In the listing below, find the line that contains "針對臺南市部分路段紅綠燈號誌" and the line that contains "Ekoneda for Iphone". Quote both and every line between them, exactly, and nothing more.

═══ SOURCE INFORMATION ═══

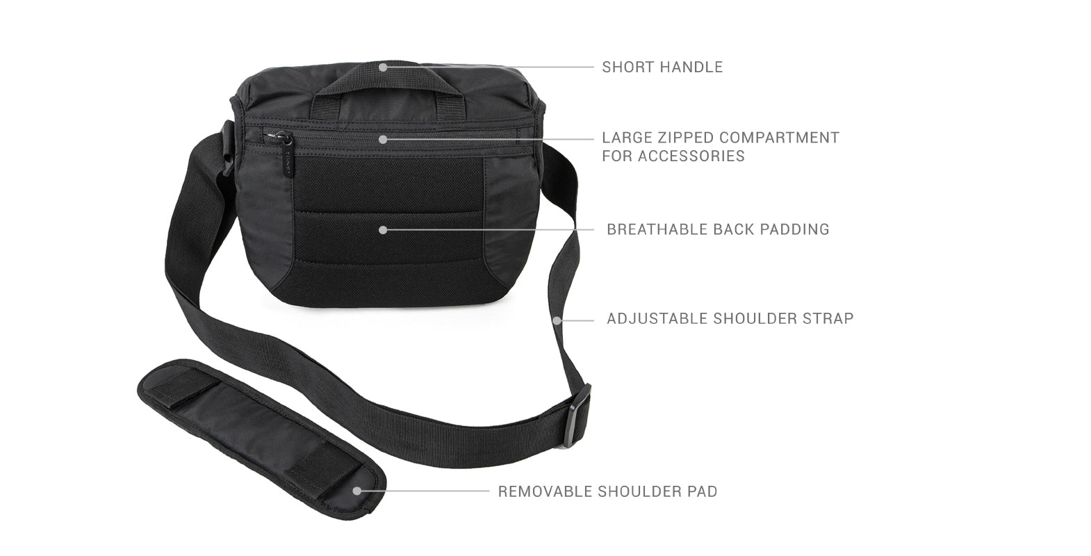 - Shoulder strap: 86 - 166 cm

═══
═══ SOURCE INFORMATION ═══

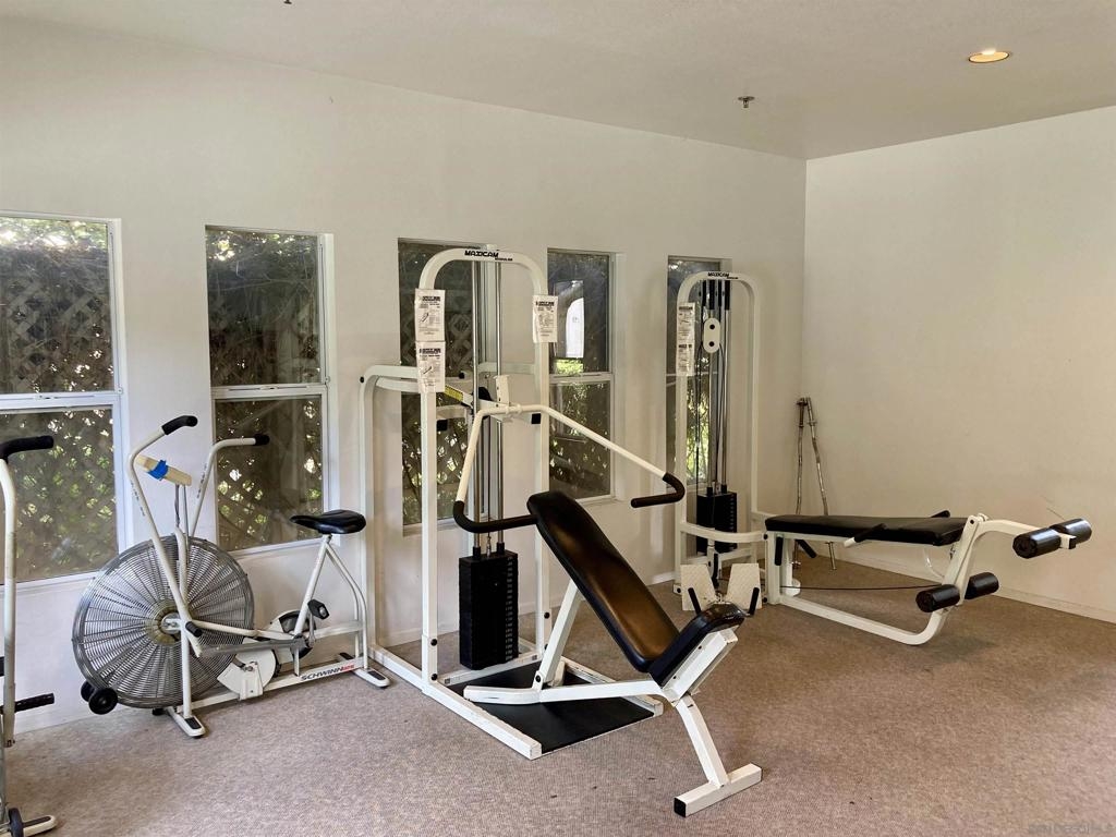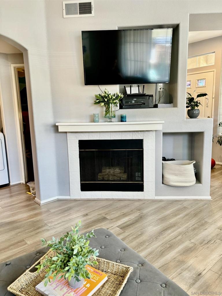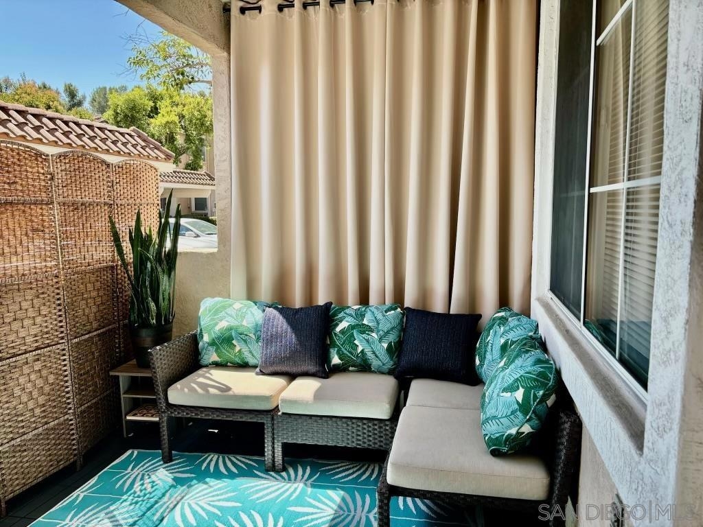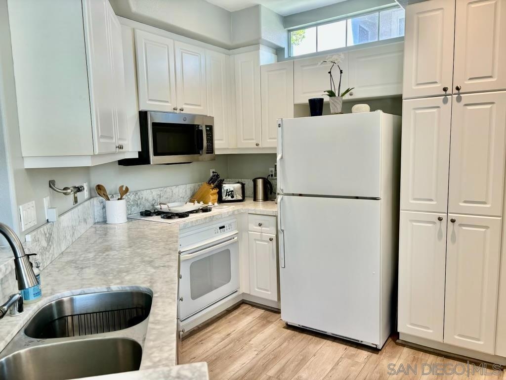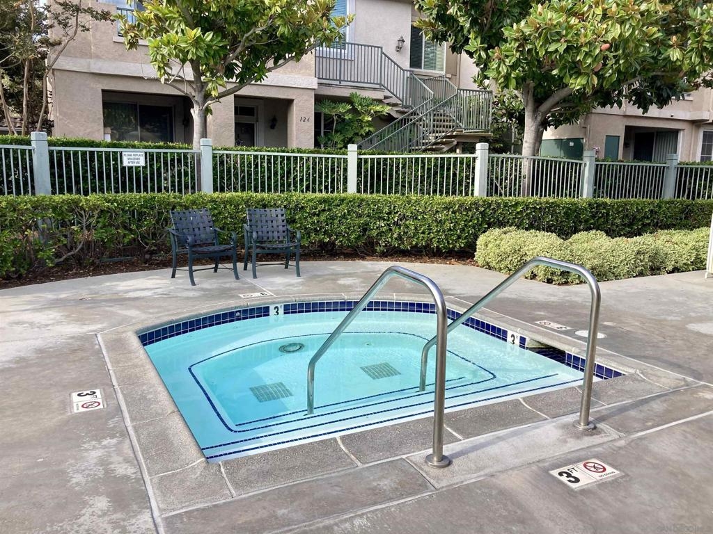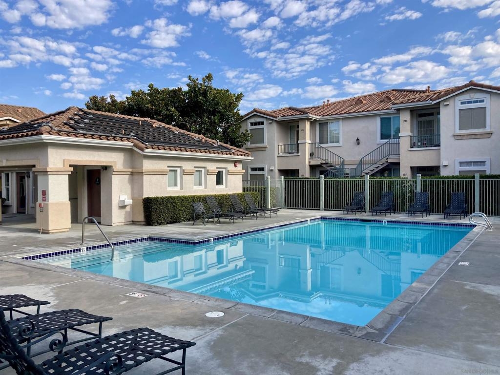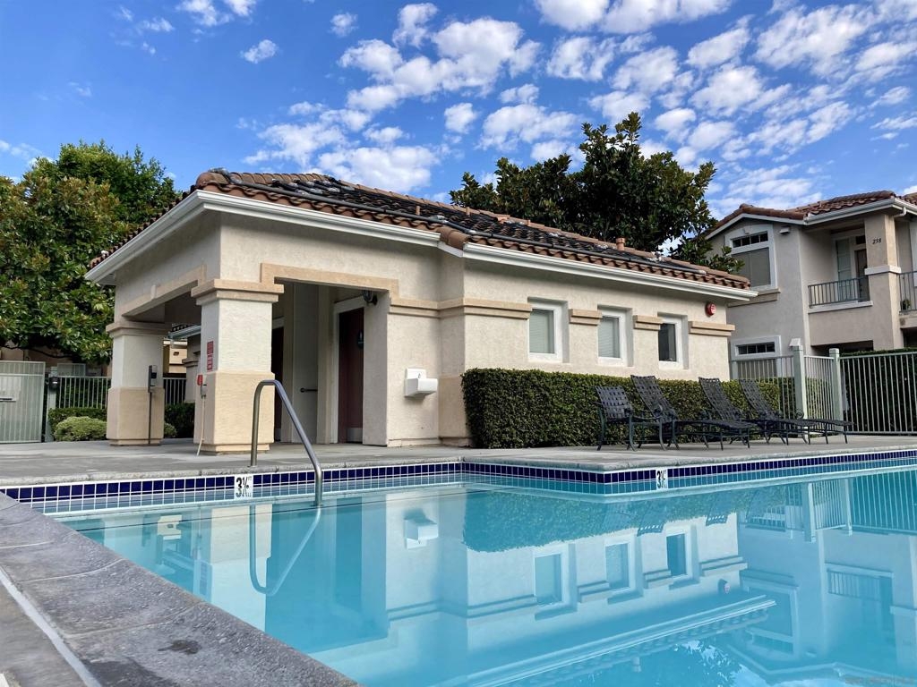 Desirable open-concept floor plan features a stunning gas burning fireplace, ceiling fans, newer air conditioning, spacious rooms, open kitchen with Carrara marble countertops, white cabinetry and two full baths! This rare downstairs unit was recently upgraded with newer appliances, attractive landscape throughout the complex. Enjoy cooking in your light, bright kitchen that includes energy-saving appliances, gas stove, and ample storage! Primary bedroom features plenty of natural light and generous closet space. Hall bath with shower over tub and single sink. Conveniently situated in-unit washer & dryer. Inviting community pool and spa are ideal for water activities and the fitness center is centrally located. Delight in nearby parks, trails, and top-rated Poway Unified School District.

═══
═══ SOURCE INFORMATION ═══

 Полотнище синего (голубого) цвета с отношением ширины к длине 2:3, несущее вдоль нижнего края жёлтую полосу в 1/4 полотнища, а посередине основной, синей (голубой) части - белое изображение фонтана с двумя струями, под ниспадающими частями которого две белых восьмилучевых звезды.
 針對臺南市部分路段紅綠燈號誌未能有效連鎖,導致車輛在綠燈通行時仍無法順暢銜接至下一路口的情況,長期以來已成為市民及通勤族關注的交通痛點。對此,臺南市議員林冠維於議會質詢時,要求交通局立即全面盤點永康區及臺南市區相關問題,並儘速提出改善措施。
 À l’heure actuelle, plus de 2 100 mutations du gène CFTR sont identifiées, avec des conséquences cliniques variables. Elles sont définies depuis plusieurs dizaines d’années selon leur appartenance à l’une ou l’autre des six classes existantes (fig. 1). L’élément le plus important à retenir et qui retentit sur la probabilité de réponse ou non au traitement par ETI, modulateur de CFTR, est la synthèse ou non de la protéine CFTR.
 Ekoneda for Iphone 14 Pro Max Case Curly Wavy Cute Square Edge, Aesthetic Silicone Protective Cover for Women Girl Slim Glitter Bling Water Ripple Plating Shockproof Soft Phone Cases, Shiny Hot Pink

═══

**TASK SOLUTION**
 針對臺南市部分路段紅綠燈號誌未能有效連鎖,導致車輛在綠燈通行時仍無法順暢銜接至下一路口的情況,長期以來已成為市民及通勤族關注的交通痛點。對此,臺南市議員林冠維於議會質詢時,要求交通局立即全面盤點永康區及臺南市區相關問題,並儘速提出改善措施。
 À l’heure actuelle, plus de 2 100 mutations du gène CFTR sont identifiées, avec des conséquences cliniques variables. Elles sont définies depuis plusieurs dizaines d’années selon leur appartenance à l’une ou l’autre des six classes existantes (fig. 1). L’élément le plus important à retenir et qui retentit sur la probabilité de réponse ou non au traitement par ETI, modulateur de CFTR, est la synthèse ou non de la protéine CFTR.
 Ekoneda for Iphone 14 Pro Max Case Curly Wavy Cute Square Edge, Aesthetic Silicone Protective Cover for Women Girl Slim Glitter Bling Water Ripple Plating Shockproof Soft Phone Cases, Shiny Hot Pink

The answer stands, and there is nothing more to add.